Полемикой с иезуитами, заимствованием картезианских идей, а главное — популярностью среди образованной публики янсенисты навлекли на себя гонения со стороны папского престола и королевских властей, но это не привело к утрате влияния на французскую интеллектуальную элиту эпохи Просвещения, включая ту ее часть, которая обеспечила подъем французской экономической мысли. Впрочем, по выражению Вайнера, «Просвещению для восприятия янсенистской доктрины потребовалось немногим больше, чем проигнорировать ее субъективную мораль» (Viner, 1978. Р. 140). Такая тенденция наметилась уже на рубеже XVII и XVIII вв. в работах Пьера де Буагильбера, который воспринял у янсенистов и идею равновесия, и идею его хрупкости, придав им экономическое содержание. Речь у него шла о конкурентном рынке, где равновесие так же неустойчиво, как на кончике шпаги. Потому его поддержание — перед лицом «жадности торговца... готового пожертвовать всем во имя своих интересов», — по-прежнему не мыслилось без участия высшей силы (Faccarello, 1999. Р. 99). Позже, в середине XVIII в., влияние идей янсенизма прослеживается в деятельности интеллектуального круга Венсана де Гурнэ, включая его виднейшего представителя Жака Тюрго (см: Grain, 2014).
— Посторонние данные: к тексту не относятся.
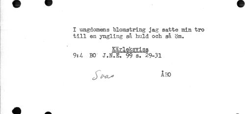//// I ungdomens blomstring jag satte min tro //// till en yngling så huld och så öm. //// * . - //// Kärleksvisa //// 9:4 BO J.N.E. 99 s. 29-31 //// Jl^ ÅBO ////
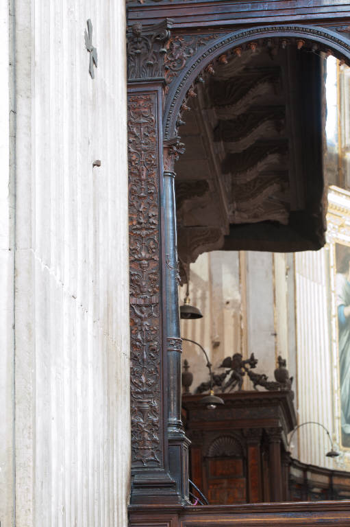 Pilastrino intagliato sulle due facce principali con motivi a candelabra nei quali, tra i racemi vegetali, si alternano figure zoomorfe fantastiche, vasi, una figura che sostiene un libro con le braccia alzate, un cherubino (faccia verso l'esterno), il busto di una figura maschile, un cherubino, vasi e un cerbiatto (faccia verso l'interno del coro); i capitelli sulle due facce sono di tipo composito con foglie di acanto che fasciano il calato e testine al centro in alto; sulle facce minori, interne alle bifore, sono addossate due semicolonne tornite e intagliate con fregi e festoni.
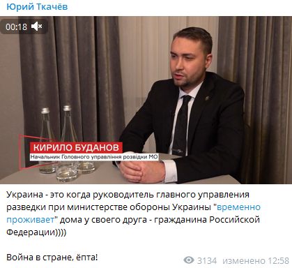 "Украина - это когда руководитель главного управления разведки при министерстве обороны Украины "временно проживает" дома у своего друга - гражданина Российской Федерации.
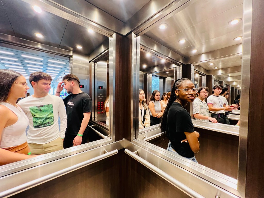 “Since the late 1990s, Erlich (b. 1973, Buenos Aires, lives in Buenos Aires) has created a highly distinctive body of sculptures and site-specific installations in which the architectural appearance of the everyday functions as a perceptual trap, leading an unsuspecting viewer into a visual paradox that systematically defies certain laws and attributes of the material world. In Erlich’s parallel universe, stairs lead nowhere, elevators don’t stop at any destination, passive spectators become active participants, clouds take on physical characteristics, and the solidity of constructed spaces turns out to be a fleeting optical illusion. Liminal has been conceived as a sequence of spaces that one might encounter in the course of an ordinary day: elevator, subway, classroom, hair salon, sidewalk, swimming pool, laundry room—even a window through which the neighbors’ windows can be seen. Each space is fabricated to serve as a precise simulation of the place it references, so that the encounter with Erlich’s illusion tends to occur as a surprise on the viewer’s part that such an ordinary spot should conceal such extraordinary qualities.The exhibition’s title refers to a transitional zone located at the threshold of another space, and indirectly suggests being on the verge of crossing over, or entering into, a new destination or state of existence—a sensation reinforced in Erlich’s work. To hover at the liminal edge of an experience suggests being caught between a prior reality that has been left behind, and a new reality beckoning at close range, but always slightly beyond our grasp. Erlich’s work suggests that despite our collective pride at being able to instinctually locate ourselves within the physical world, the truth is that most of us are engaged in an extended game of probability and chance, in which situations that can only be real within our dreams cast a spell of enchantment over our waking lives. The accumulated impact of experiencing multiple Erlich works within a single exhibition tends to leave viewers with an intensified awareness of this inherent duality about daily life.” https://www.pamm.org/en/exhibition/leandro-erlich-liminal/
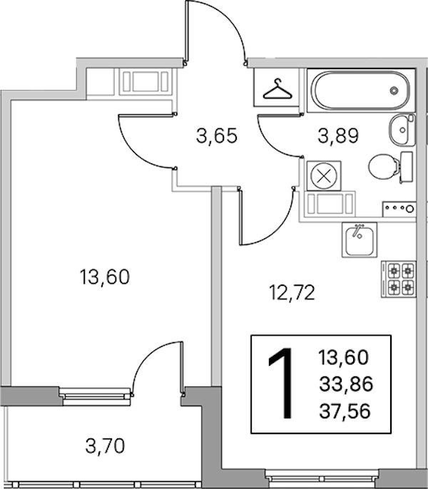 Однокомнатная квартира на 4-ом этаже 35,71 кв.м
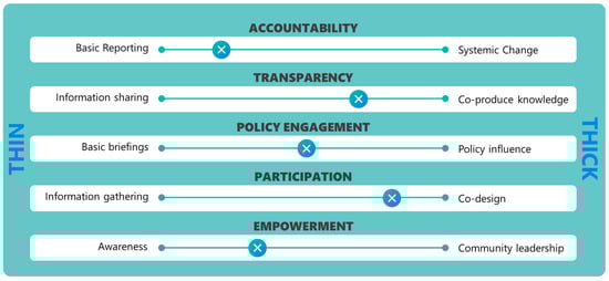 Transparency represents the evolution of information-sharing practices in research, moving from basic dissemination to co-produced knowledge. Teams demonstrated varying levels of engagement with stakeholders, from formal consultation to deeper collaborative relationships.

В протестантской Европе в роли главного связующего звена между средневековой схоластической традицией и обществоведческой мыслью Нового времени выступила школа нового естественного права, ставшая для общественных наук «открытием себя», по выражению Шумпетера, ибо именно в ее рамках сформировалось «представление о наборе взаимосвязанных явлений как основание для постановки „проблем"» (Шумпетер, 1954/ 2001. С. 136). Решающий шаг, отделивший эту школу «светских схоластов» (еще один термин Шумпетера) от средневековых предшественников, — заслуга Томаса Гоббса (Bobbio, 1993. Р. 150 — 154), чье творчество неразрывно связано с научной революцией. Вдохновленный примерами Коперника, Галилея и Гарвея, он надеялся применить их метод в политической (civil) философии (см.: Гоббс, 1651/1989. С. 67-68).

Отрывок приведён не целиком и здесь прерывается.